▶ [Assignment]: Below this line is a set of entries; quote exactly the lines from the line that contains "Monogramm rustikales Holzgelb-Sonnenblumen" to the line that contains "軟化皮革纖維,讓皮鞋立即柔軟好穿", both lines included.

▶ [Source data]:

-=-=-

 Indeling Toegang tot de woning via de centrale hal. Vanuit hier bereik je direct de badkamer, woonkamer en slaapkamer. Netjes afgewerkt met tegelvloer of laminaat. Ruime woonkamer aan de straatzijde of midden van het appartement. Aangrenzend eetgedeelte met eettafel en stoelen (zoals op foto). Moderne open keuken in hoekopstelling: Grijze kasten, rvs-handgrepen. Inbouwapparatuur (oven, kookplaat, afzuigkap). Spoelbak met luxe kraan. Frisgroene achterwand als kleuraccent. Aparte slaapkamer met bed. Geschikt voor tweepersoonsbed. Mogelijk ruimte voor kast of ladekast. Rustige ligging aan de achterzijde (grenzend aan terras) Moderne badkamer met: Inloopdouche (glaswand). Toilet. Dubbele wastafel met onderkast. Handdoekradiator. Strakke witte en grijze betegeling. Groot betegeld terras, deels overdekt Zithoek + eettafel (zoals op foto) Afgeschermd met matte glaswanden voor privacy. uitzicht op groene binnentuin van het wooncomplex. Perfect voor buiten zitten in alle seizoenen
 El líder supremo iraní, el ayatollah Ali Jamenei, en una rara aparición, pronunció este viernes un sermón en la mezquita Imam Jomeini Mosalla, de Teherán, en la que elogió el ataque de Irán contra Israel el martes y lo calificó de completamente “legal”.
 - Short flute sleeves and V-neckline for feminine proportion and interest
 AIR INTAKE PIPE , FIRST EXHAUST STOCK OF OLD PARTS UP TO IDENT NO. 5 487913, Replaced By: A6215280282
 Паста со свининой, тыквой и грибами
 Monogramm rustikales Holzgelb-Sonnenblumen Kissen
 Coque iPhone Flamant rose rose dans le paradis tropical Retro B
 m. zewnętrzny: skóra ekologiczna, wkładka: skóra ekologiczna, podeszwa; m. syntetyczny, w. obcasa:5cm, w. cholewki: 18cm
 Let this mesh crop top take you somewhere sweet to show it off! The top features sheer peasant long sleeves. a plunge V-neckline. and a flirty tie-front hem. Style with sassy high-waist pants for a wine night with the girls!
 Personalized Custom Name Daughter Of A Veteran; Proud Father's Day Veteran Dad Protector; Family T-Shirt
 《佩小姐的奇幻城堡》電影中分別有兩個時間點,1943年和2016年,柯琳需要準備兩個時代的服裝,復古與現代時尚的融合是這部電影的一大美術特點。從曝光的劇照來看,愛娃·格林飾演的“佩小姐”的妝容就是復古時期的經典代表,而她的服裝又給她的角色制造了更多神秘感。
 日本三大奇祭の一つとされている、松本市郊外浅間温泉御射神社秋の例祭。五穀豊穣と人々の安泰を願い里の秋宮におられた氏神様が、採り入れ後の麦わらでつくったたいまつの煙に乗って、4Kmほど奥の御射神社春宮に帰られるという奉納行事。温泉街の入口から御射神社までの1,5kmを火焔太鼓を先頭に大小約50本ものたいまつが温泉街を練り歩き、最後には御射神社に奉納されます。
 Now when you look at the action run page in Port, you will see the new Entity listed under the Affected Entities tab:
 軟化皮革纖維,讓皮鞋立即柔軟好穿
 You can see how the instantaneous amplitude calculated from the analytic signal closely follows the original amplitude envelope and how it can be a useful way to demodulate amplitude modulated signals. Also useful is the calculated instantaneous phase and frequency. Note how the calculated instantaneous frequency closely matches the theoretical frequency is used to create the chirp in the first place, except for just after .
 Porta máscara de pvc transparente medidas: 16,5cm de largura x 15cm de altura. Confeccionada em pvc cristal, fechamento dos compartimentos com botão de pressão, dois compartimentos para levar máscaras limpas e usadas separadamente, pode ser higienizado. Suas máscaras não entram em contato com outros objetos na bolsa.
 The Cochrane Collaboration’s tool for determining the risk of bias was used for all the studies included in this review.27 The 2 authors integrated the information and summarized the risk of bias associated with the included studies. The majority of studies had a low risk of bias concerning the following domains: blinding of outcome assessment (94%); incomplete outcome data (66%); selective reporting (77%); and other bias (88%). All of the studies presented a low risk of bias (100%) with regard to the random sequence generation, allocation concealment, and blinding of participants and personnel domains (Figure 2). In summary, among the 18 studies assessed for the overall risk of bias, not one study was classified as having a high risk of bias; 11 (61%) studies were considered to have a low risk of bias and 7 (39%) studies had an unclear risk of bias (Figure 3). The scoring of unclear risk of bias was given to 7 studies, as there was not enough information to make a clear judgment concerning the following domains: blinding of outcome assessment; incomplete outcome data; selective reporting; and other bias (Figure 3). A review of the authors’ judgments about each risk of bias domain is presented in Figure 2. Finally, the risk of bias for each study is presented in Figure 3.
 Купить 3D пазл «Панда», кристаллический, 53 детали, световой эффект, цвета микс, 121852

-=-=-

▶ [The answer]:
 Monogramm rustikales Holzgelb-Sonnenblumen Kissen
 Coque iPhone Flamant rose rose dans le paradis tropical Retro B
 m. zewnętrzny: skóra ekologiczna, wkładka: skóra ekologiczna, podeszwa; m. syntetyczny, w. obcasa:5cm, w. cholewki: 18cm
 Let this mesh crop top take you somewhere sweet to show it off! The top features sheer peasant long sleeves. a plunge V-neckline. and a flirty tie-front hem. Style with sassy high-waist pants for a wine night with the girls!
 Personalized Custom Name Daughter Of A Veteran; Proud Father's Day Veteran Dad Protector; Family T-Shirt
 《佩小姐的奇幻城堡》電影中分別有兩個時間點,1943年和2016年,柯琳需要準備兩個時代的服裝,復古與現代時尚的融合是這部電影的一大美術特點。從曝光的劇照來看,愛娃·格林飾演的“佩小姐”的妝容就是復古時期的經典代表,而她的服裝又給她的角色制造了更多神秘感。
 日本三大奇祭の一つとされている、松本市郊外浅間温泉御射神社秋の例祭。五穀豊穣と人々の安泰を願い里の秋宮におられた氏神様が、採り入れ後の麦わらでつくったたいまつの煙に乗って、4Kmほど奥の御射神社春宮に帰られるという奉納行事。温泉街の入口から御射神社までの1,5kmを火焔太鼓を先頭に大小約50本ものたいまつが温泉街を練り歩き、最後には御射神社に奉納されます。
 Now when you look at the action run page in Port, you will see the new Entity listed under the Affected Entities tab:
 軟化皮革纖維,讓皮鞋立即柔軟好穿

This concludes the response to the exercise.